To do so, go to ModSecurity Vendors section of cPanel main menu, and switch to Off all enabled vendors except Imunify360 ruleset. If there is no Imunify360 ruleset installed, run imunify360-agent install-vendors command.

  • Enable rules auto-update. Otherwise, you won't get important updates of ModSecurity ruleset in time

    • For Apache run the following command:

      /usr/local/cpanel/scripts/modsec_vendor enable-updates imunify360-full-apache
      
    • For LiteSpeed run the following command:

      /usr/local/cpanel/scripts/modsec_vendor enable-updates imunify360-full-litespeed 
      

    See details here.

    Or you can use WHMAPI1 to enable vendor auto-updates.

  • It is possible to block ModSecurity rules only for IPs that belong to some country. More info can be found in FAQ

ModSecurity 3 + Apache limitations

Since version 92, cPanel is adding experimental support of ModSecurity 3.x and starting from version 5.7, we implement experimental support of ModSecurity version 3 on cPanel. There are still some issues that prevent some Imunify360 features from working property. The feature limitations are:

  • working with mod_ruid2
  • working with mod_remoteip
  • app-specific ruleset feature
  • HackerTrap
  • uploaded files scanning
  • simple password redirect

Plesk

It is not recommended to use firewalld and Plesk Firewall simultaneously, because Plesk does not fully support such configuration. We recommend to disable firewalld by running the command on the server:

systemctl disable firewalld

Read more about the problem at Plesk Help Center in this thread.

ModSecurity Configuration

  • Web application firewall mode – On

If any mod_security ruleset was installed during Imunify360 installation, Imunify360 will not install its own ruleset, because Plesk supports only one ruleset at once.

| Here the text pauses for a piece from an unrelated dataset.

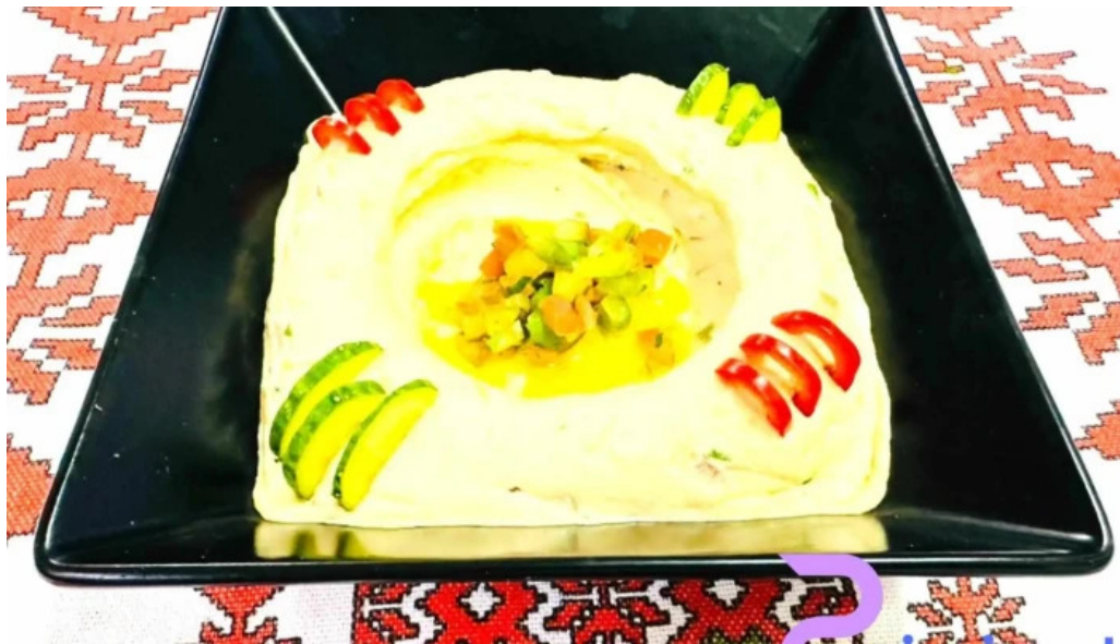
Hanul dacic cele mai recente

To check, if Imunify360 ruleset is installed, run the following as root:

# plesk sbin modsecurity_ctl -L --enabled
custom

If the output does not contain imunify360, for example:

# plesk sbin modsecurity_ctl -L --enabled
tortix

Then remove existing ruleset and install Imunify360 one:

# plesk sbin modsecurity_ctl --disable-all-rules --ruleset tortix
# plesk sbin modsecurity_ctl --uninstall --ruleset tortix
# plesk sbin modsecurity_ctl -L --enabled
# imunify360-agent install-vendors
INFO    [+ 3785ms]                         defence360agent.simple_rpc|Executing ('install-vendors',), params: {}
INFO    [+ 8781ms]   defence360agent.subsys.panels.plesk.mod_security|Successfully installed vendor 'imunify360-full-apache'.
INFO    [+ 8782ms]                  defence360agent.subsys.web_server|Performing web_server graceful restart
OK
# plesk sbin modsecurity_ctl -L --enabled
custom

Note

Please make sure that Update rule sets option is disabled in your Plesk Web Application Firewall interface on the Settings tab.

Note

Note that in the current version of Plesk, Update rule sets option is available if one of the Atomic Basic ModSecurity/Advanced ModSecurity Rules by Atomicorp/Comodo ModSecurity Rule Set is enabled.

DirectAdmin

During installation on DirectAdmin, Imunify360 will try to install mod_security automatically using custombuild 2.0.

Note

Automatic installation of Imunify360 ruleset is only supported with custombuild 2.0.